Now let us look at Keras3/TF2:

• Keras3/TF2: The use of tf.data datasets helps, but the performance advantage over just providing tf tensors or even Numpy arrays to model.fit() is minor.
• Keras3/TF2: However, adjusting the parameter “steps_per_execution” in the standard “model.compile ()” statement is of major importance for optimal performance. jit-compilation should also always be activated by setting the respective parameter jit_compile=True in the model.compile function. The compilation automatically uses XLA-capabilities on CUDA devices.
• Keras3/TF2 with float32 precision:Strangely, the GPU load never went above 90% – not even with jit-compilation and autotune parameters for the tf.data datasets. This reflects the overall lower performance in comparison to PyTorch for float32 precision.
• Keras3/TF2 with “mixed precision”: Keras/TF2 excels for mixed precision combined with jit-compilation. For my tests with mixed precision the performance of Keras3/PyTorch was found to be up to a factor of 1.6 better than the performance of PyTorch (the latter with optimal settings). Even the energy consumption by Keras3/TF2 for mixed precision was a bit lower than during the best mixed precision run of PyTorch.
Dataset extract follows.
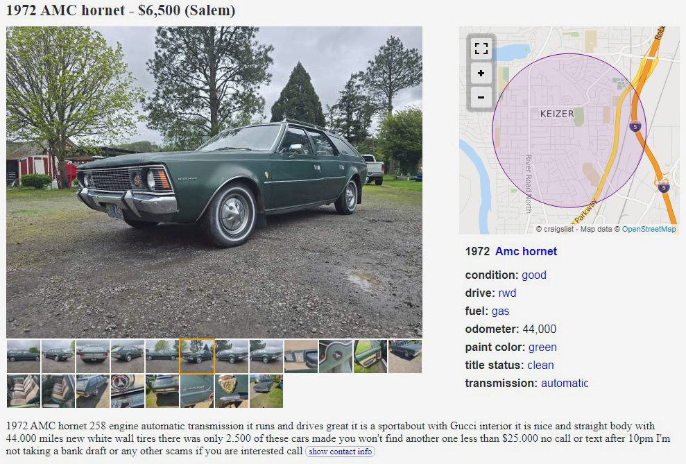 Huge props to Scotty for showing us the Craigslist ad. Because Its already gone. ( Either sold or changed their minds?) To find a Gucci edition, especially a wagon, with its interior intact is a huge plus. If the paint is original, I wonder if it would respond to a very light, very careful wet sanding, compound and polish with a wheel. I’d go that route before repainting it. I know I’ve mentioned like 58 times before we had an AMC Jeep dealer in our town and these wagons were very popular. Don’t ask me why but I remember those wheel covers on so many of them. As a kid in the 70’s, I used to look at hubcap designs, probably way more than any normal kid should. That and steering wheels as well. I can’t explain why, just something I’ve always done for as far back as I can remember. ( That and reel to reel tape decks, as very little kid, I loved watching Mission Impossible just for that, ok I’m veering waaay off course here sorry). I like this Hornet. And I enjoyed the write up Scotty, and Curvette, as always thank you for all your finds. You have a great talent finding a wide variety of vehicles that call out to everyone here.

Both frameworks showed a significant reduction of GPU load and the respective energy consumption for “mixed precision”. Which had to be expected for a small neural network model.

The message of the results listed above is mixed. Note that similar results for bigger models on other GPUs or TPUs may look differently.

My personal guess, so far, is that if your model needs float32 precision, you should try a run with PyTorch. If your model does not suffer from mixed precision stick to the Keras3/TF2 combination for the time being.